UNAUTHORIZED DISCLOSURE OF PROTECTED MATERIAL
If a receiving party learns that, by inadvertence or otherwise, it has disclosed confidential
material to any person or in any circumstance not authorized under this agreement, the receiving
party must immediately (a) notify in writing the designating party of the unauthorized
disclosures, (b) use its best efforts to retrieve all unauthorized copies of the protected material,
(c) inform the person or persons to whom unauthorized disclosures were made of all the terms of
this agreement, and (d) request that such person or persons execute the “Acknowledgment and
Agreement to Be Bound” that is attached hereto as Exhibit A.
INADVERTENT PRODUCTION OF PRIVILEGED OR OTHERWISE PROTECTED
When a producing party gives notice to receiving parties that certain inadvertently
produced material is subject to a claim of privilege or other protection, the obligations of the
receiving parties are those set forth in Federal Rule of Civil Procedure 26(b)(5)(B). This
provision is not intended to modify whatever procedure may be established in an e-discovery
order or agreement that provides for production without prior privilege review. The parties agree
to the entry of a non-waiver order under Fed. R. Evid. 502(d) as set forth herein.

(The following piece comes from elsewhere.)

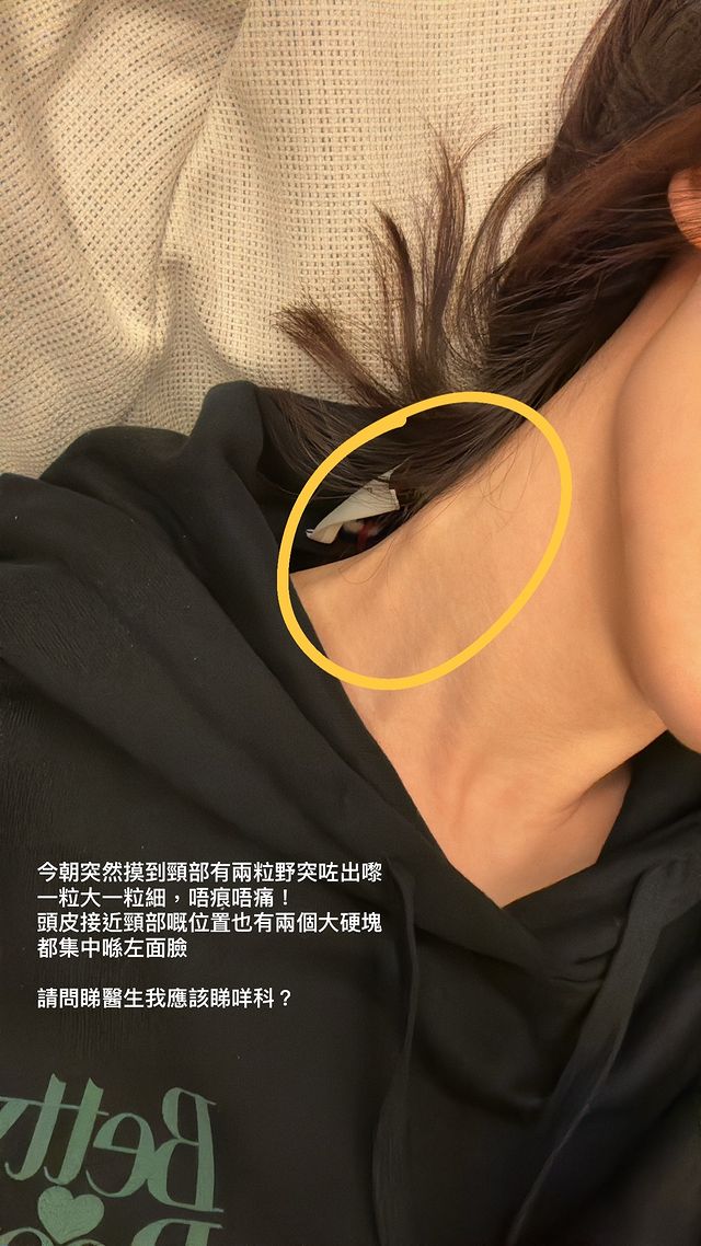 ▲高海寧早前自爆條頸有兩粒東西凸起。

NON TERMINATION AND RETURN OF DOCUMENTS
Within 60 days after the termination of this action, including all appeals, each receiving
party must return all confidential material to the producing party, including all copies, extracts
and summaries thereof. Alternatively, the parties may agree upon appropriate methods of
Notwithstanding this provision, counsel are entitled to retain one archival copy of all
documents filed with the court, trial, deposition, and hearing transcripts, correspondence,
deposition and trial exhibits, expert reports, attorney work product, and consultant and expert
work product, even if such materials contain confidential material.
The confidentiality obligations imposed by this agreement shall remain in effect until a
designating party agrees otherwise in writing or a court orders otherwise.

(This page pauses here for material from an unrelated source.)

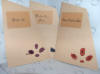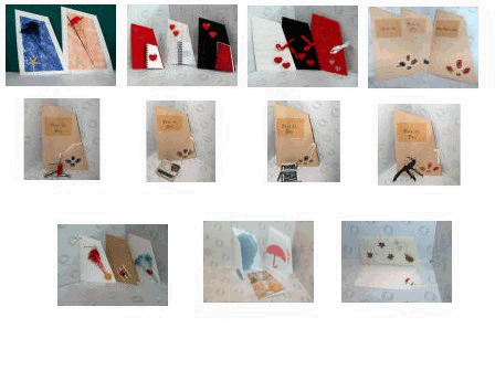 A capa destes postais tem um tule colado na capa. Por cima do tule encontra-se um incenso e um ramo de flor seca ambos da cor do tule. No canto inferior esquerdo encontra-se uma estrela do mar. No interior tem um pensamento com fundo da cor do tule exterior. Cores disponíveis: Azul, Laranja, Verde, Vermelho. |

IT IS SO STIPULATED, THROUGH COUNSEL OF RECORD.
DATED: November 2, 2017.
GORDON & REES LLP
By: s/ John V. Leary
Allen W. Estes, III, WSBA# 34526
John V. Leary, WSBA # 36345
701 Fifth Avenue, Suite 2100
Seattle, WA 98104
Telephone: (206) 659-5100
Attorneys for Lok Home
DATED: November 2, 2017.
TOUSLEY BRAIN STEPHENS PLLC
By: s/ James Bulthuis
Jason T. Dennett, WSBA #30686
James Bulthuis, WSBA #44089
1700 Seventh Avenue, Suite 2200
Seattle, Washington 98101
Attorneys for Jeremy LeBreton
PURSUANT TO STIPULATION, IT IS SO ORDERED.
IT IS FURTHER ORDERED that pursuant to Fed. R. Evid. 502(d), the production of any
documents in this proceeding shall not, for the purposes of this proceeding or any other
proceeding in any other court, constitute a waiver by the producing party of any privilege
applicable to those documents, including the attorney-client privilege, attorney work-product
protection, or any other privilege or protection recognized by law.
DATED this 7th day of November 2017.
RICARDO S. MARTINEZ
CHIEF UNITED STATES DISTRICT JUDGE
ACKNOWLEDGMENT AND AGREEMENT TO BE BOUND
____________________________________ [print or type full address], declare under penalty
of perjury that I have read in its entirety and understand the Stipulated Protective Order that was
issued by the United States District Court for the Western District of Washington on _________
in the case of Lok Home v. Jeremy LeBreton and Does 1-10, U.S.D.C. for the Western District
of Washington case no.: 16-cv-1535-RSM. I agree to comply with and to be bound by all the
terms of this Stipulated Protective Order and I understand and acknowledge that failure to so
comply could expose me to sanctions and punishment in the nature of contempt. I solemnly
promise that I will not disclose in any manner any information or item that is subject to this
Stipulated Protective Order to any person or entity except in strict compliance with the provisions
of this Order.
I further agree to submit to the jurisdiction of the United States District Court for the
Western District of Washington for the purpose of enforcing the terms of this Stipulated
Protective Order, even if such enforcement proceedings occur after termination of this action.